__DESCRIPTION OF THE TASK__: If the records below hold pictures, omit them, and print exactly the lines from the first line through the line containing "12月10日,智能金融学院第", inclusive.

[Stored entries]
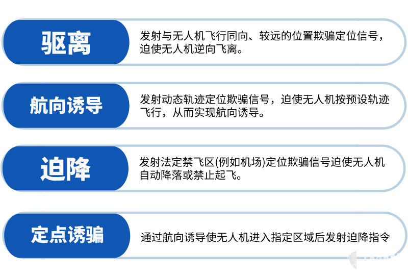 系统通过集成频谱、光电、雷达探测、导航诱骗、无线电干扰等多种反制策略,对各型入侵无人机产生不同的反制效果。
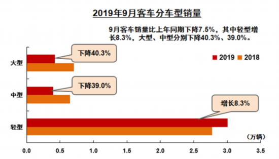 9月客车销量比上年同期下降7.5%,其中轻型客车增长8.3%,大型客车和中型客车分别下降40.3%、39.0%。
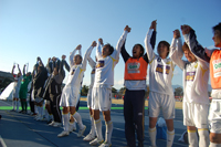 J2昇格内定となる4位以内を決め、喜ぶニューウェーブ北九州(現ギラヴァンツ北九州)の選手たち。来季はいよいよJ2の仲間入りだ。
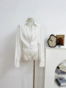 天丝连体白色衬衫女秋季法式修身收腰POLO领上衣假两件
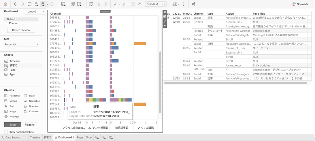 右側の行動ログも、URLからパラメータや「index.html」を除去する、「ページタイトル|電通デジタル」のようなタイトルからサイト共通の部分を除去する、ページのタイプを分類する、アナリティクスでは設定していないコンバージョンを後付けで設定するなど、目視で分析しやすくする調整が可能です。
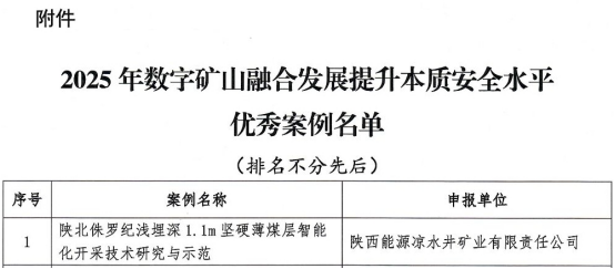 近日,2025年數(shù)字礦山融合發(fā)展提升本質(zhì)安全水平典型案例名單正式公布,涼水井礦業(yè)《陜北侏羅紀(jì)淺埋深1.1m 堅(jiān)硬薄煤層智能化開采技術(shù)研究與示范》項(xiàng)目成功入選。
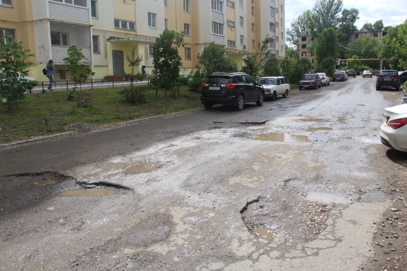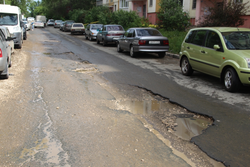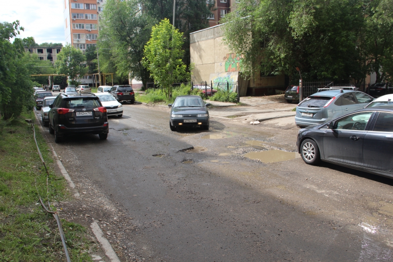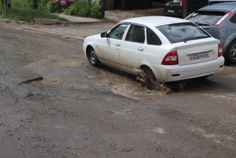 Можно выделить два наиболее разрушенных участка на этой дороге, которые особенно выделяются размерами и количеством выбоин. От улице Производственной до улицы Лебедева-Кумача глубокие выбоины заняли почти всю ширину проезжей части. Многие из них образовались рядом со смотровыми колодцами, выступающими острыми краями над разрушенным покрытием. Даже на широкой дороге порой не остается места для объезда препятствия, из-за чего образуются заторы, пока встречные потоки машин не разъедутся по наиболее безопасным маршрутам. Нетерпеливые водители рискуют ехать по ухабам, проваливаясь в них колесами и ударяясь днищем о края ям.
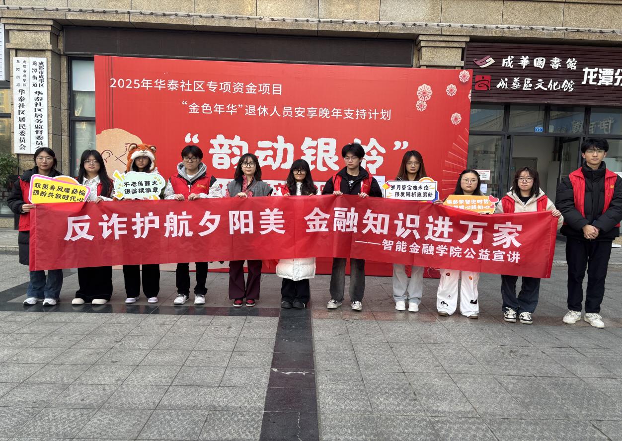 12月10日,智能金融学院第一党支部走进成都市成华区华泰社区党群服务中心,成功举办“反诈护航夕阳美·金融知识进万家”主题公益宣讲活动。第一党支部书记刘佳带队,主讲人王子萌通过“知识宣讲+传统文化+趣味互动”的创新形式,将金融反诈知识送到居民身边。
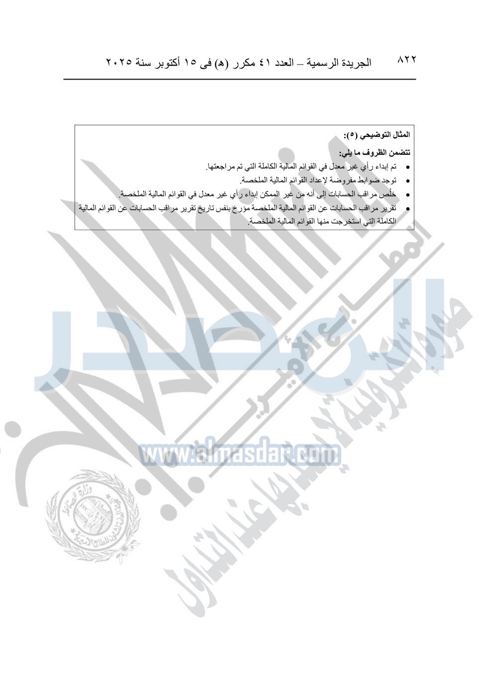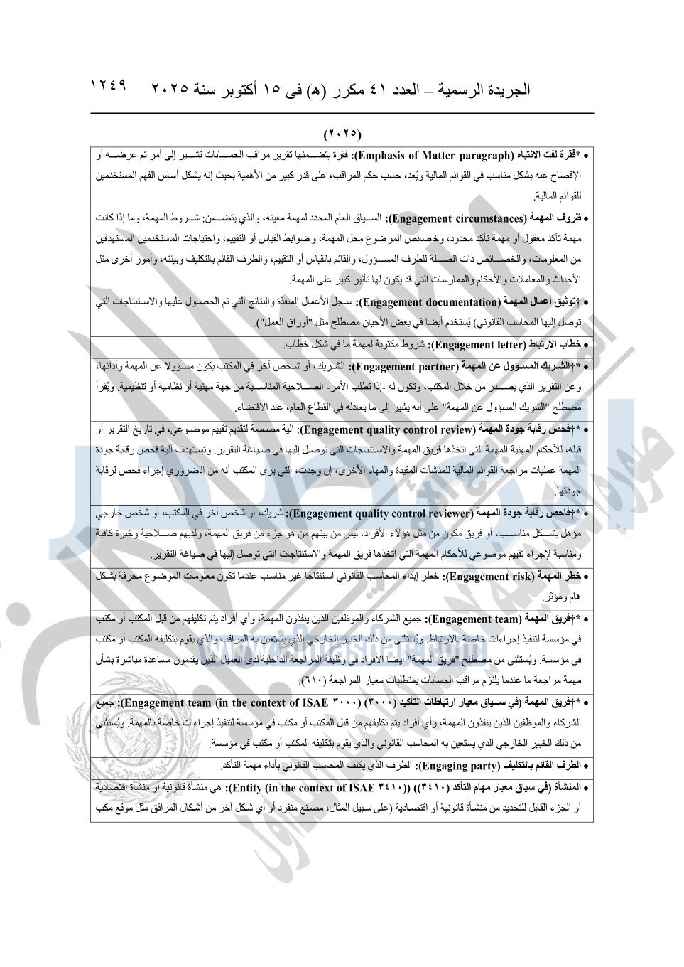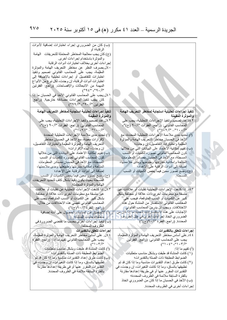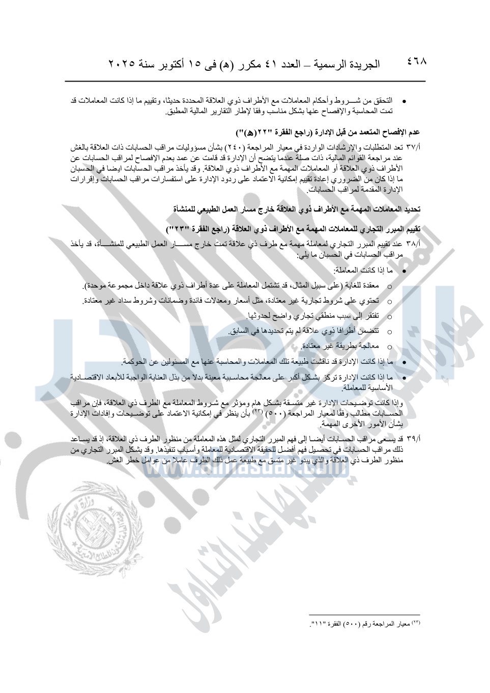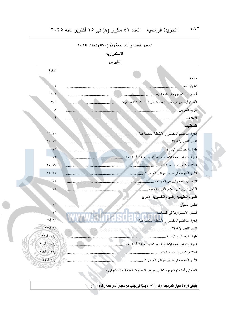 نشرت الجريدة الرسمية في العدد 41 مكرر "هـ" الصادر في 15 أكتوبر سنة 2025، قرار رئيس مجلس الوزراء رقم 3725 لسنة 2025، بشأن العمل بالمعايير المصرية للمراجعة والفحص المحدود ومهام التأكد الأخرى المرافقة لهذا القرار.
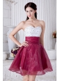 Burgundy A-line Sweetheart Cocktail Dres Organza Beading Mini-length
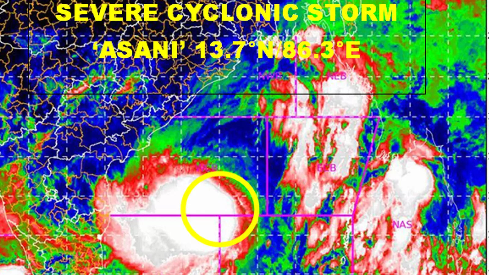 The Severe cyclonic storm ‘Asani’ (pronounced as Asani) over westcentral and adjoining south Bay of Bengal moved nearly northwestwards with a speed of 25/kmph during past six hours and laid centered about 920km northwest of Car Nicobar (Nicobar Islands), 770km westnorthwest of Port Blair (Andaman Islands), 500km southeast of Visakhapatnam (Andhra Pradesh) and 650km south of Puri (Odisha).
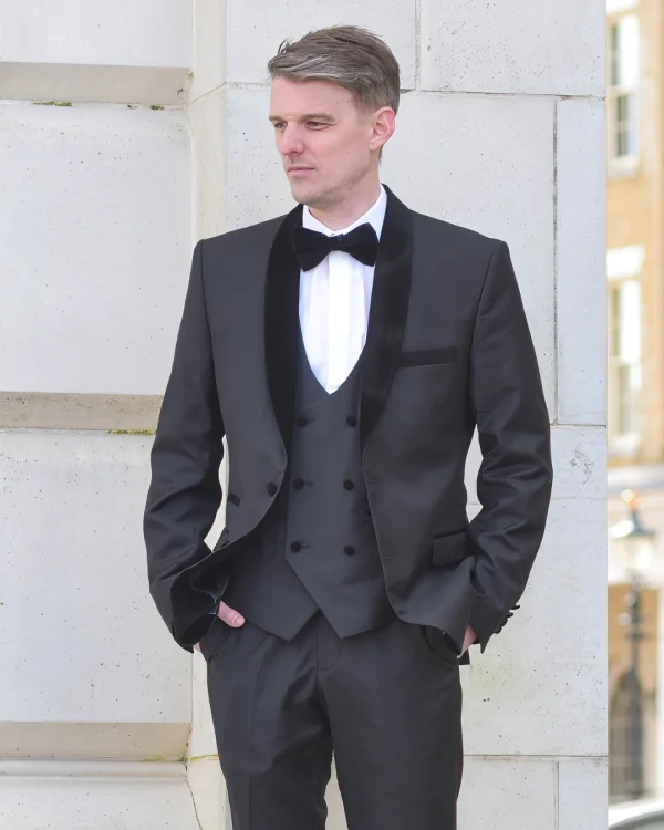 ✔ Black Waistcoat – A refined addition for a polished three-piece look with Velvet buttons
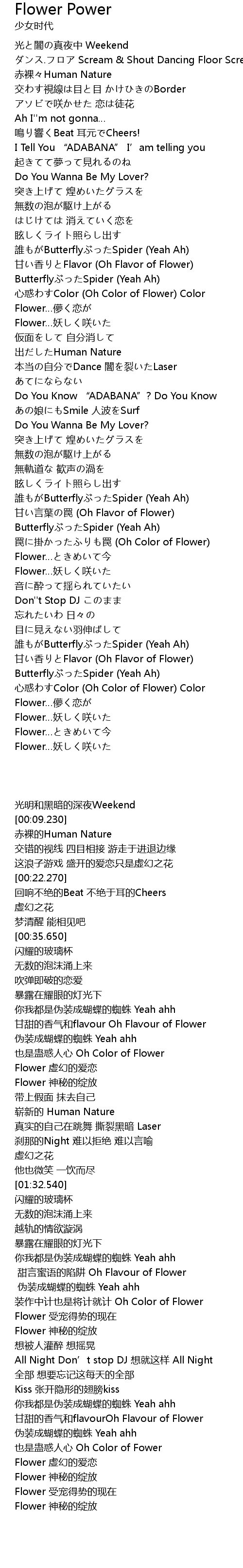 | [02:15.540] | Flower…ときめいて今 |

__RESULT OF THIS TASK__:
 系统通过集成频谱、光电、雷达探测、导航诱骗、无线电干扰等多种反制策略,对各型入侵无人机产生不同的反制效果。
 9月客车销量比上年同期下降7.5%,其中轻型客车增长8.3%,大型客车和中型客车分别下降40.3%、39.0%。
 J2昇格内定となる4位以内を決め、喜ぶニューウェーブ北九州(現ギラヴァンツ北九州)の選手たち。来季はいよいよJ2の仲間入りだ。
 天丝连体白色衬衫女秋季法式修身收腰POLO领上衣假两件
 右側の行動ログも、URLからパラメータや「index.html」を除去する、「ページタイトル|電通デジタル」のようなタイトルからサイト共通の部分を除去する、ページのタイプを分類する、アナリティクスでは設定していないコンバージョンを後付けで設定するなど、目視で分析しやすくする調整が可能です。
 近日,2025年數(shù)字礦山融合發(fā)展提升本質(zhì)安全水平典型案例名單正式公布,涼水井礦業(yè)《陜北侏羅紀(jì)淺埋深1.1m 堅(jiān)硬薄煤層智能化開采技術(shù)研究與示范》項(xiàng)目成功入選。
 Можно выделить два наиболее разрушенных участка на этой дороге, которые особенно выделяются размерами и количеством выбоин. От улице Производственной до улицы Лебедева-Кумача глубокие выбоины заняли почти всю ширину проезжей части. Многие из них образовались рядом со смотровыми колодцами, выступающими острыми краями над разрушенным покрытием. Даже на широкой дороге порой не остается места для объезда препятствия, из-за чего образуются заторы, пока встречные потоки машин не разъедутся по наиболее безопасным маршрутам. Нетерпеливые водители рискуют ехать по ухабам, проваливаясь в них колесами и ударяясь днищем о края ям.
 12月10日,智能金融学院第一党支部走进成都市成华区华泰社区党群服务中心,成功举办“反诈护航夕阳美·金融知识进万家”主题公益宣讲活动。第一党支部书记刘佳带队,主讲人王子萌通过“知识宣讲+传统文化+趣味互动”的创新形式,将金融反诈知识送到居民身边。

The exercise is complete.